◆ **Source information**:
────────────────────────────────────────

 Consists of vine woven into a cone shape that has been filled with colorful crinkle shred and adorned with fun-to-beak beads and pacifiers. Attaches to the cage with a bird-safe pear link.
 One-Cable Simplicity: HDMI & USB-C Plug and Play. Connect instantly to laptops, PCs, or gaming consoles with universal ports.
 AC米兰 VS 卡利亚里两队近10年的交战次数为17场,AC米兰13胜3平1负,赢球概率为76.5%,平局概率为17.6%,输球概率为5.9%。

────────────────────────────────────────

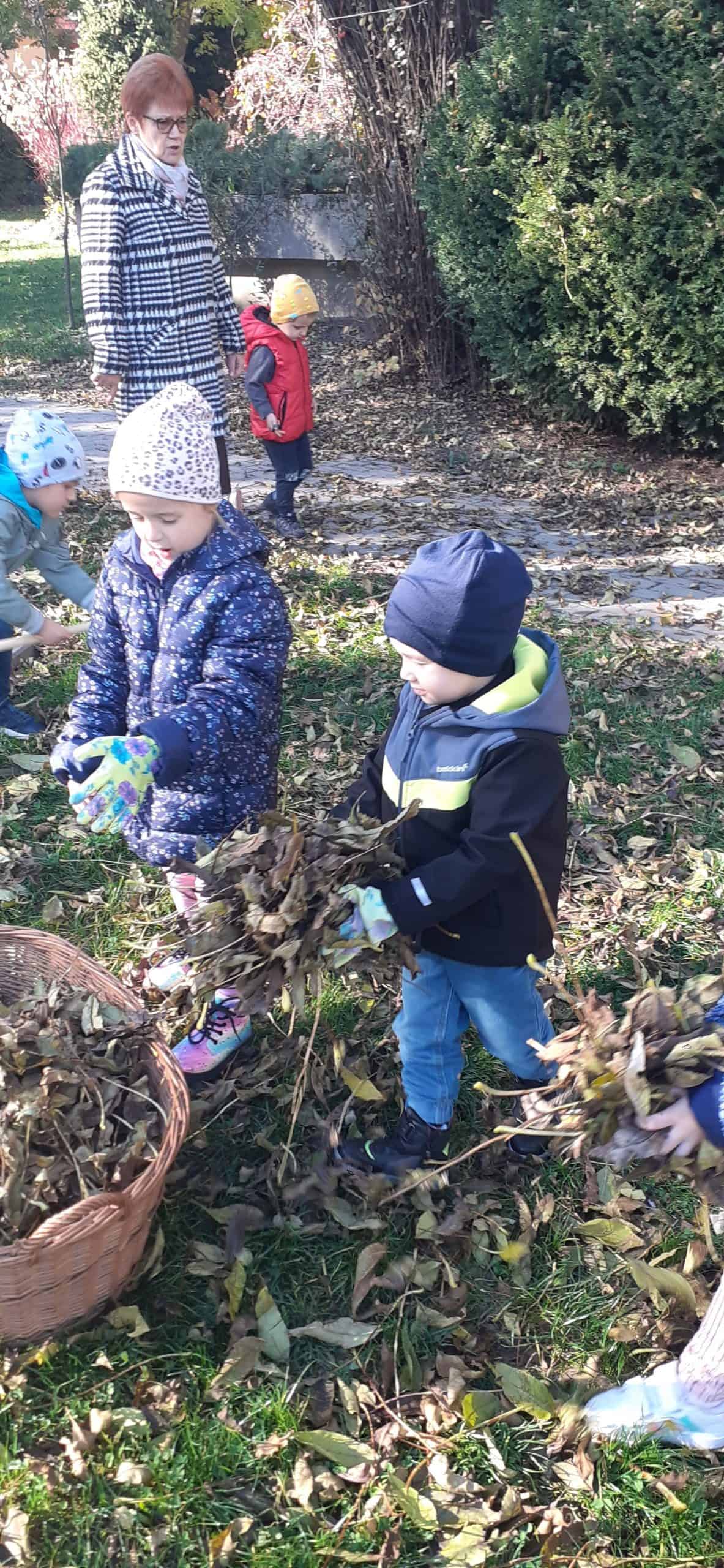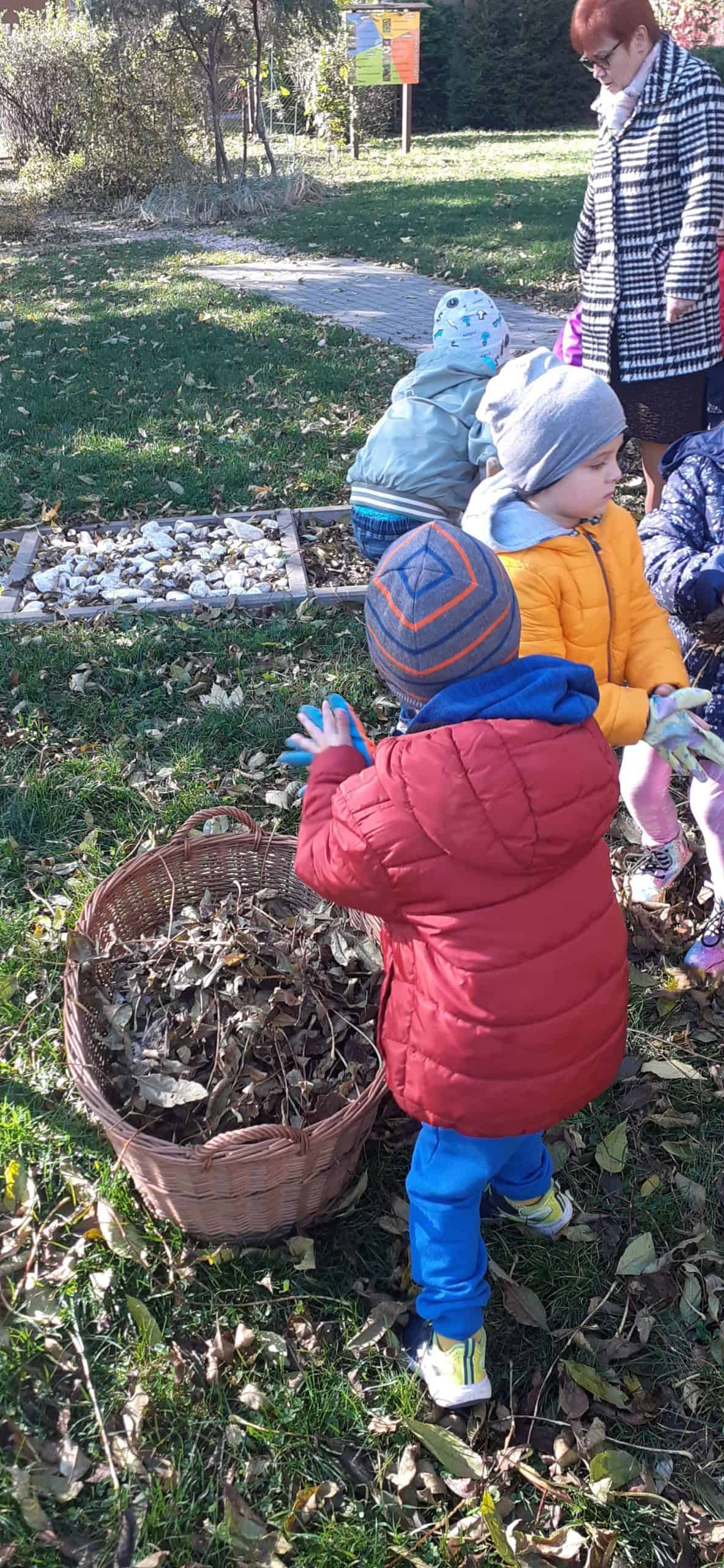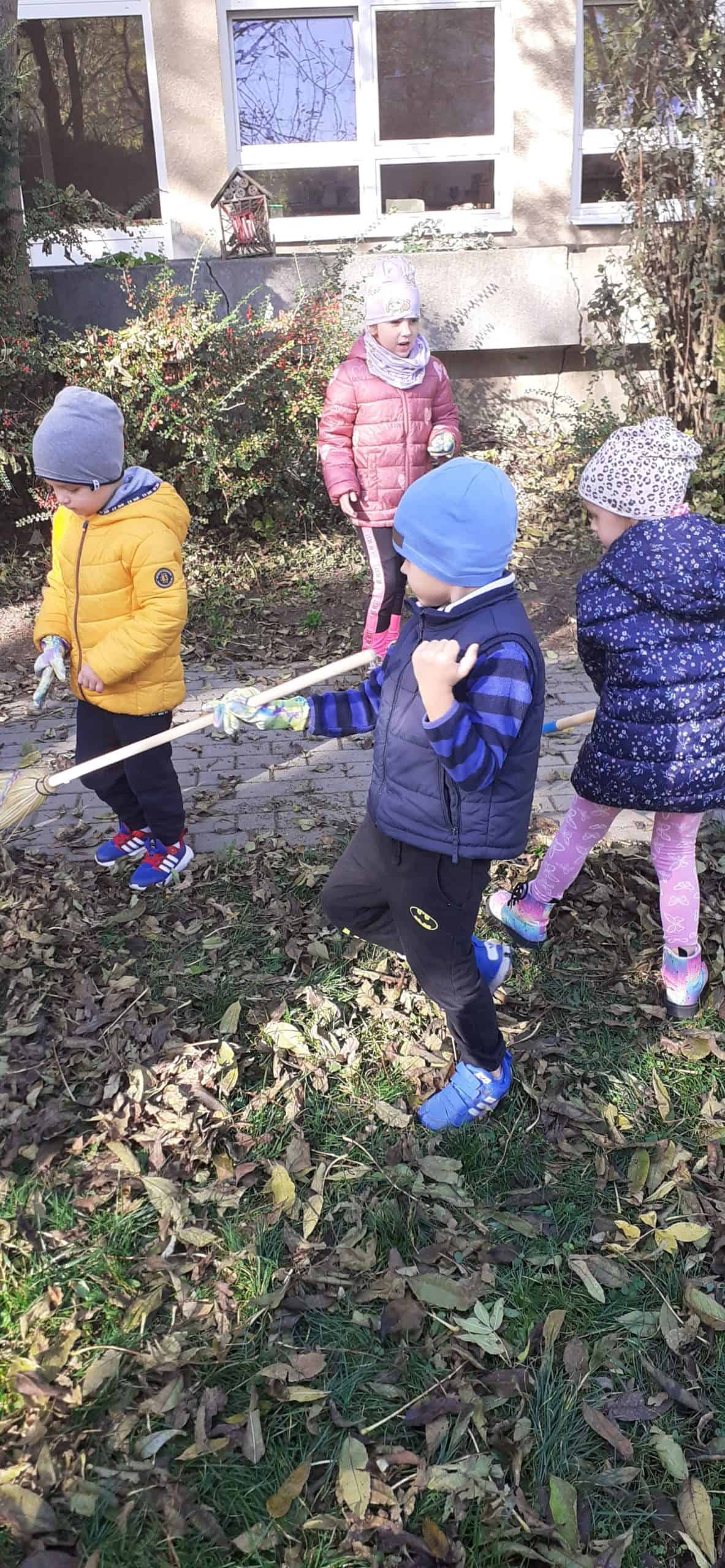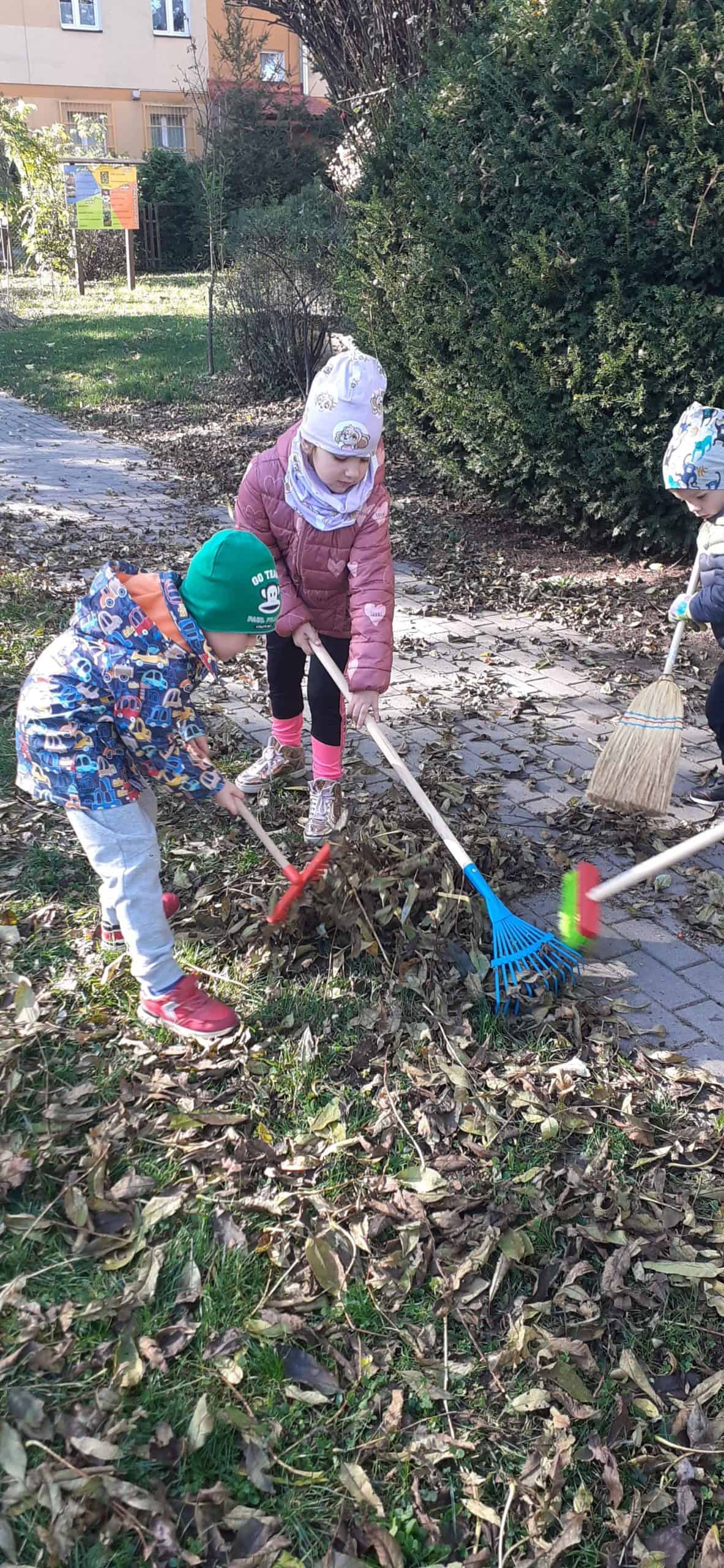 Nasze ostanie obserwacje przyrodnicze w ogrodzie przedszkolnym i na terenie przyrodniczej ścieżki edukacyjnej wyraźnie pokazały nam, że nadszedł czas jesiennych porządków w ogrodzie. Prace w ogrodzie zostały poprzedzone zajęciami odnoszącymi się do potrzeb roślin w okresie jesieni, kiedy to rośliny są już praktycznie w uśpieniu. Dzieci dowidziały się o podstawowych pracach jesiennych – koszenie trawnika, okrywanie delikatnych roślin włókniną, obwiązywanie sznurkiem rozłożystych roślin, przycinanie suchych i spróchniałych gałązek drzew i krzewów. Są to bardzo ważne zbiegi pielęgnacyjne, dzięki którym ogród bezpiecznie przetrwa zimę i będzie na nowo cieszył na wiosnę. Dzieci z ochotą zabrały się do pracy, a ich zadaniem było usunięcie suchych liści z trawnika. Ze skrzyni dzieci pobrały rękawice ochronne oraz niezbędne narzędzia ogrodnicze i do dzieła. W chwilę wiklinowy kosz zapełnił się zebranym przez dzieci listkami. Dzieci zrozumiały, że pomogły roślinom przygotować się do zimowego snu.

────────────────────────────────────────

◆ **Task instructions**: Every line in the listing above that mentions "with" should be returned.

◆ **Answer to this problem**:
 Consists of vine woven into a cone shape that has been filled with colorful crinkle shred and adorned with fun-to-beak beads and pacifiers. Attaches to the cage with a bird-safe pear link.
 One-Cable Simplicity: HDMI & USB-C Plug and Play. Connect instantly to laptops, PCs, or gaming consoles with universal ports.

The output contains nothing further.